Instructions: To vote for all of the nominees, put an X in the box marked
"For". To withhold your vote for all of the nominees, put an X in the box marked
"Withheld". To vote for some but not all of the nominees, put an X in the box
marked "For All Except" and list on the line below only those nominees for whom
your vote is withheld.

- -------------------------------------------------------------------------------

2. OTHER BUSINESS

The appointed proxies are authorized to vote upon all matters incidental to the
conduct of the Annual Meeting and such other business as may properly come
before the Annual Meeting in accordance with their best judgment.

The giving of this Proxy does not affect the right of the undersigned
shareholder to vote in person should the undersigned shareholder attend the
Annual Meeting.  This Proxy may be revoked at any time before it is voted.

This Proxy when properly executed will be voted in the manner directed herein
by the undersigned shareholder.  IF NO DIRECTION IS MADE, THIS PROXY WILL BE
VOTED FOR THE ELECTION OF THE NOMINEES LISTED.

When shares are held be joint tenants, both should sign.
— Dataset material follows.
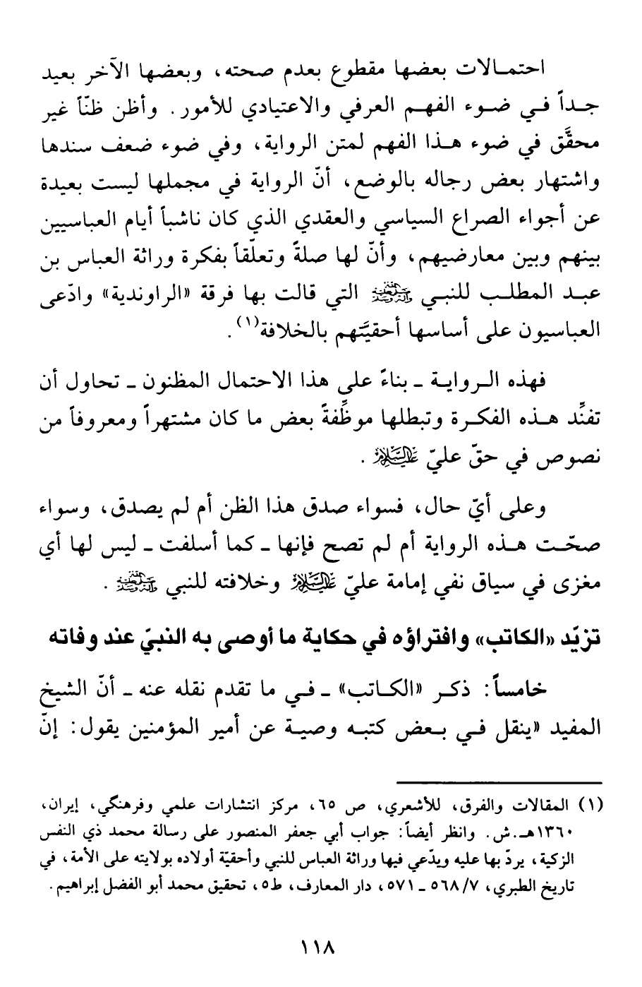 نام کتاب : التشيع المفترى عليه ، مداخلات وهوامش نقدية على كتاب (تطور الفكر السياسي الشيعي من الشورى إلى ولاية الفقيه) نویسنده : خالد ابا ذر العطية جلد : 1 صفحه : 118

When signing as
attorney, executor, personal representative, trustee or in some other
representative capacity, please sign name and give full title. If a
corporation, please sign in full corporate name by President or other
authorized officer. If a partnership, please sign in partnership name by
authorized person. 


PLEASE MARK, SIGN, DATE AND RETURN THE PROXY PROMPTLY IN THE ENCLOSED ENVELOPE.

- --------------------------------------------------------------------------------
  DETACH ABOVE CARD, SIGN, DATE AND MAIL IN POSTAGE PAID ENVELOPE PROVIDED.